Recall that ABIM's former Direector of Test Security was never formally disclosed to physicians in 2008, nor was his departure from ABIM last year. That individual used an online alias that never hinted at his past nor disclosed his relationship with the shady test security firm, Caveon, with whom the ABIM is using for their (unsecure) Knowledge Check-in's. It was only after a Puerto Rican physician who was sued by the ABIM for possible copyright infringment (a case which they lost), that the true identity and troubling background of ABIM's Test Security Director became known. That Test Security Director's also worked (works?) for Caveon. Caveon uses a former Ballard Spahr (ABIM's legal team) lawyer, Mr. Marc Weinstein, to target test-takers they feel may have cheated. This opens a huge Pandora's Box of concerns for physicians who undergo online "continuous certification." The potential to ruin a physician's hard-earned reputation and professional credibility on the basis of an online proctor's insinuation of an errant keystroke pattern or suspicious gaze during testing without due process is real. And Caveon's system test security system offers no credible safeguards against identity or credit card theft, or mirror-imaging of our computer's files or keystrokes for their purposes.

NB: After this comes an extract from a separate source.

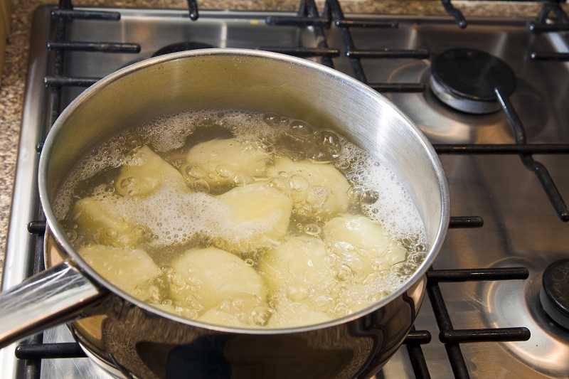Po ugotowaniu, zostaw ziemniaki, aż ostygną. Następnie zmiel je wraz z wodą, w której były gotowane. Zrób to za pomocą miksera lub blendera i mieszaj, aż do gładkiej papki.
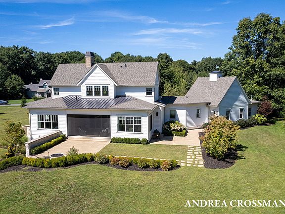 Welcome to this exceptional 4,200+ sq. ft. modern farmhouse offering refined main-level living in The Ravines of Saugatuck, where residents enjoy an Arnold Palmer-designed golf course and an association pool. Built in 2018, this 4-bedroom, 4.5-bath home rests on 1.3 acres, expertly positioned to capture tranquil views of the surrounding woods and pond. The gourmet kitchen showcases Wolf and Sub-Zero appliances, Silestone counters, and a large island, while the walk-in butler's pantry includes a built-in Miele coffee machine and wine fridge. Reclaimed white oak floors flow throughout, including the bright dining room accented by large windows. The living room features custom built-ins and a gas fireplace. The screened patio with retractable screens and a second fireplace offers effortless indoor-outdoor living. The main-floor primary suite is a private retreat with radiant-heated floors, a steam shower, soaking tub, and custom closet. The upper level includes an ensuite bedroom, additional bedroom, den/office, and full bath. The lower level expands the living space with a wet bar, theatre room, exercise room (or optional fourth bedroom), full bath, and generous storage. Outdoor living is enhanced by a spacious patio and tasteful landscaping. The heated 3-stall garage includes a convenient dog wash. Designed by award-winning architects and builders, this home combines timeless design with high-efficiency systems, dual-zone heating and cooling, and an ideal location near Saugatuck's boating, dining, and shopping.

Are physicians really going to allow such testing tactics to occur in our own homes?

Not only no, but hell no.

This MOC® craziness has to stop. It is now officially violating physicians' civil liberty protections.


Thursday, March 01, 2018

Medical Subspecialty Societies Rush to Bail Out ABIM

The American College of Cardiology (ACC) and Heart Rhythm Society (HRS) are negotiating with the American Board of Internal Medicine (ABIM) and the American Board of Medical Specialties (ABMS) on how best to preserve the Maintenance of Certification (MOC®) educational product for their mutual interests.

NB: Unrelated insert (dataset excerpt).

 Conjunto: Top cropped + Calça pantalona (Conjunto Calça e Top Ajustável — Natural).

The ACC Board of Governors will be meeting at the ACC scientific sessions in Orlando in early March to decide how best to continue the educational and financial benefits of MOC® for their organizations. Each of these organizations have significant financial and political conflicts of interest with the unproven MOC® "continuous education" program that was foisted on physicians as a quality and patient safety measure above and beyond conventional Continuing Medical Education credits in 1990.

This is not the first time this discussion has occurred. The ACC has had a long history of attempting to provide educational content without having to  resort to the strongman testing tactics of the ABMS Board certification cartel propped up by the much richer and politically powerful member organizations of the Accreditation Council for Graduate Medical Education (ACGME). With ABIM's looming fiscal insolvency thanks to years of waste, fraud, and abuse of physicians' resources, the ACC must now weigh the benefits of maintaining their relationship with the ABMS versus the risk to the organization from ACGME fallout if it abandons their lucrative relationship. One only has to see the many MOC® offerings at this year's Scientific Sessions to see where the decision is likely to fall.

We should recall that the ACC was the organization that quickly came to ABIM's rescue when their financial scandal surfaced, issuing this public statement:
In addition, the ACC's accounting staff have reviewed and discussed the ABIM’s publically available financial statements with an outside accounting firm and have found the statements to be in compliance with Generally Accepted Accounting Principles, as utilized by not-for-profit organizations in the United States.
While I am not an accountant, I am a Board certified diplomate of the ABIM that has worked tirelessly to uncover the financial and political shenannigans of the ABIM in an attempt to understand their motivations and conflicts. If the ACC sides with the corruption uncovered in this blog's pages without addressing head-on the financial benefits to themselves, they risk compromising their reputation as a credible scientific organization capable of transparently managing those conflicts. I would be a shame if they don't care.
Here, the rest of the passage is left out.